The one it puts in the most uncomfortable spot is Prime Minister Chris Hipkins, who has been on a charm offensive with business and does not particularly need a class war six months before an election.
The next day, Hipkins made that clear in quite unequivocal words. There would be no capital gains tax. No wealth tax. Not in the Budget (and probably not in Labour’s 2023 tax policy, but it hasn’t got to that yet). There would not even be a cyclone tax, despite the estimated $9-14 billion cost of it.
Instead, he set out a way to pay for that which is very close to the way National would pay for it: debt for the big, longer-term infrastructure spending and using existing money for the rest of it.
That was in Hipkins’ first pre-Budget speech of the season, delivered to a business audience in Auckland.
He signalled where the money would go in the Budget: the cyclone recovery, targeted cost of living help, infrastructure, science and tech.
It would, he said, be his “no-frills Budget”.
If they were listening, some quarters of Labour’s support base may well have considered his speech to be one of bitter pills rather than no frills.
It’s not often you hear a Labour leader heaping praise on business and even thanking them, as Hipkins did when he said he knew that many had tried to absorb cost increases to try to keep prices as low as possible for consumers.
And in case those businesspeople didn’t appreciate it, Hipkins spelled out to them what he had done in response to the concerns they had raised in his earlier meetings – most notably the easing of immigration rules to allow them to bring in more workers.
His courting of the business sector had begun in his first meeting as Prime Minister, when he went straight to Auckland and met a group of Auckland Chamber businesspeople.
He has been back to that sector repeatedly – but he is yet to speak at an actual Labour Party event. That won’t happen until the end of May at Labour’s Congress.
While he has also kept up regular meetings with the Council of Trade Unions, they are much lower-key.
It is part of his wider de-Ardernisation, a deliberate shift away from the style and priorities of Jacinda Ardern to his own and an attempt to rebuild bridges that Covid and Labour’s reforms agenda had destroyed - bridges with business and the voters.
That process began with his bonfire of policies and re-jig of the main priorities the Government was pursuing from Ardern’s climate change and child poverty to his own bread-and-butter issues.
His list of top priorities for new spending in the upcoming Budget was starkly different to Ardern’s because of what was missing. There was no mention of climate change, for instance, or child poverty.
His veering has sometimes been taken as an implicit criticism of Ardern’s approach.
But there is some method to what might seem like madness to Labour’s faithful.
With less than six months to go until the election, Hipkins is rebuilding bridges and trying to remove potential obstacles in his path. It takes a long time to build up economic credibility and Labour had lost a lot of ground.
Whether it was warranted or not, many in the business sector believed the Government was not listening to them over Covid-19 and afterwards.
Hipkins is not deluded into thinking that if he bends over backwards and flatters them, big business (or the wealthy) are suddenly going to flock to vote for Labour.
What is he hoping for is that a more constructive relationship with the business sector will flow on to the voters.
General optimism is a key factor in a government’s chances of holding on to power – and business confidence feeds into that.
It is also aimed at helping address one of Labour’s weak spots: it is perceived as a less capable economic manager than National. That has long been the case – barring a short period during the Covid-19 crisis.
Labour does not need to be beating National on that front, but it can’t afford to be so far behind that it becomes fatal. It needs to be competitive.
Since the change of leadership to Hipkins, there has been an improvement in the perception of Labour – this month’s Taxpayers’ Union Curia poll showed Labour has closed the gap significantly when voters were asked which party was best at managing inflation.
National had been 26 points ahead in January. It was now only 11 points ahead.
Hence Hipkins’ swift manoeuvre to self-brand as the “no-frills” guy to try to stifle National’s attacks on Labour as a big spending, wasteful Government.
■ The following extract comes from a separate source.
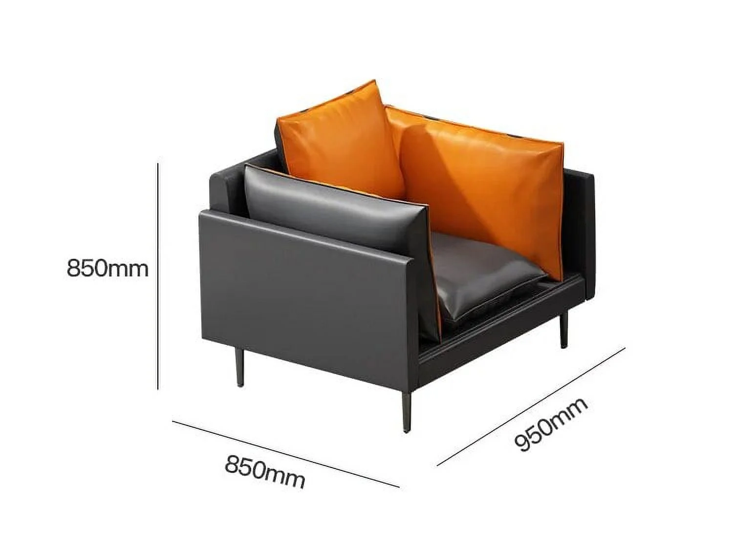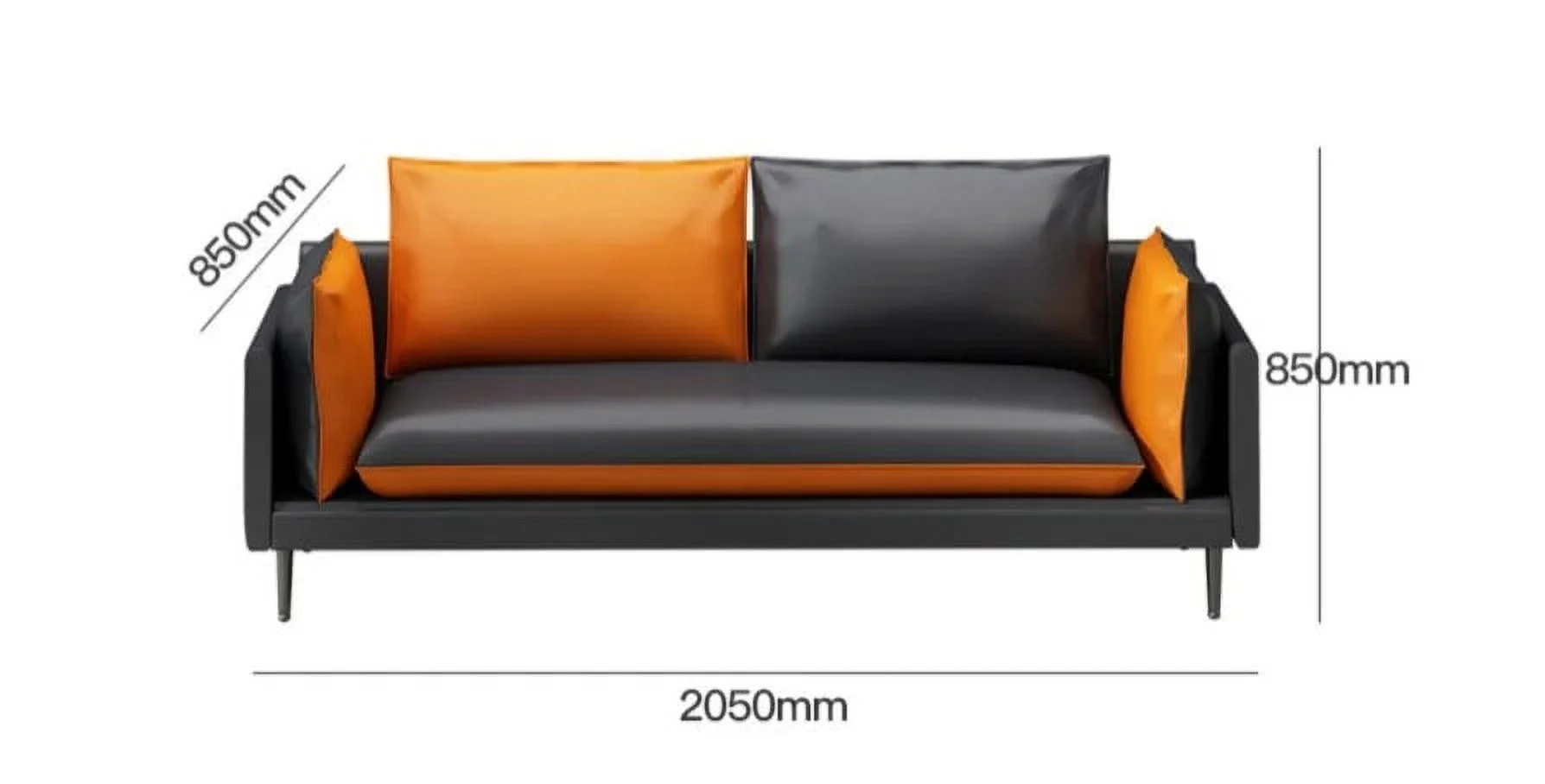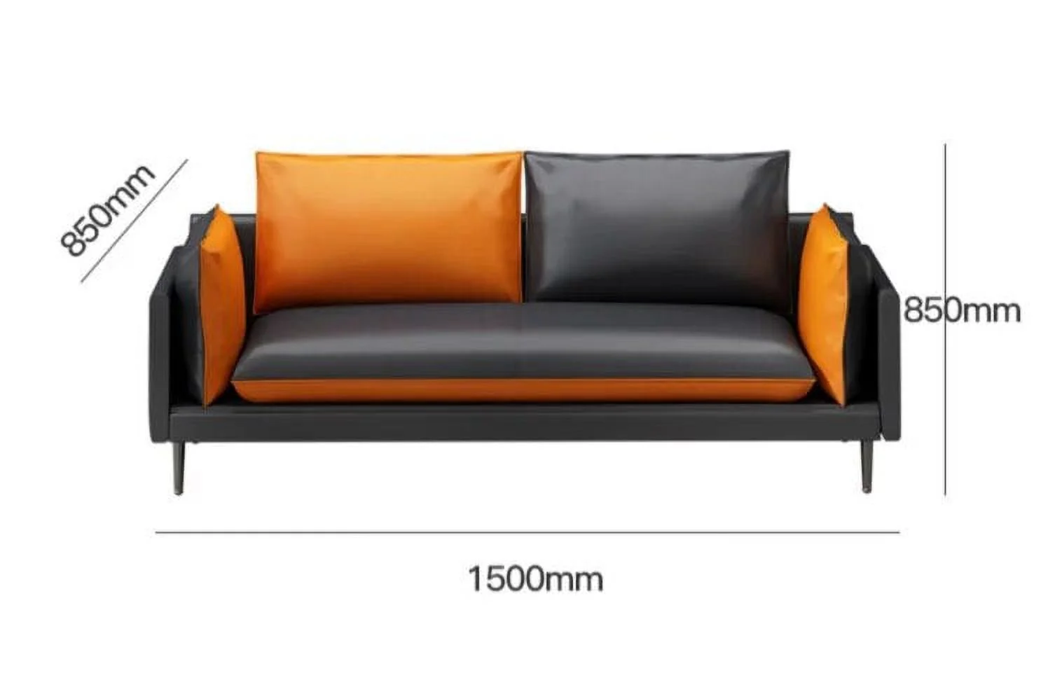 2Pcs Orange And Black PU Leather Office Reception Chair Waiting Room Visitor Guest Sofa Seat

He has started countering that with figures that illustrated Labour’s spending record was maybe not as bad as Luxon was claiming.
He has started using words such as “restraint”.
Some kind of tax reform that penalised the wealthy would not necessarily destroy his moves in that area, but nor would it be helpful. It is not clean, it would buy an unnecessary fight and it would be another distracting topic.
So, there was a long pause from Parker when he was asked if “you” had the courage to undertake tax reforms to make the system fairer. He eventually answered yes, but the flurry of “buts” that followed it made it clear he was taking the “you” as a singular rather than a plural.
Yes, Parker as an individual would. But the Government? Maybe not.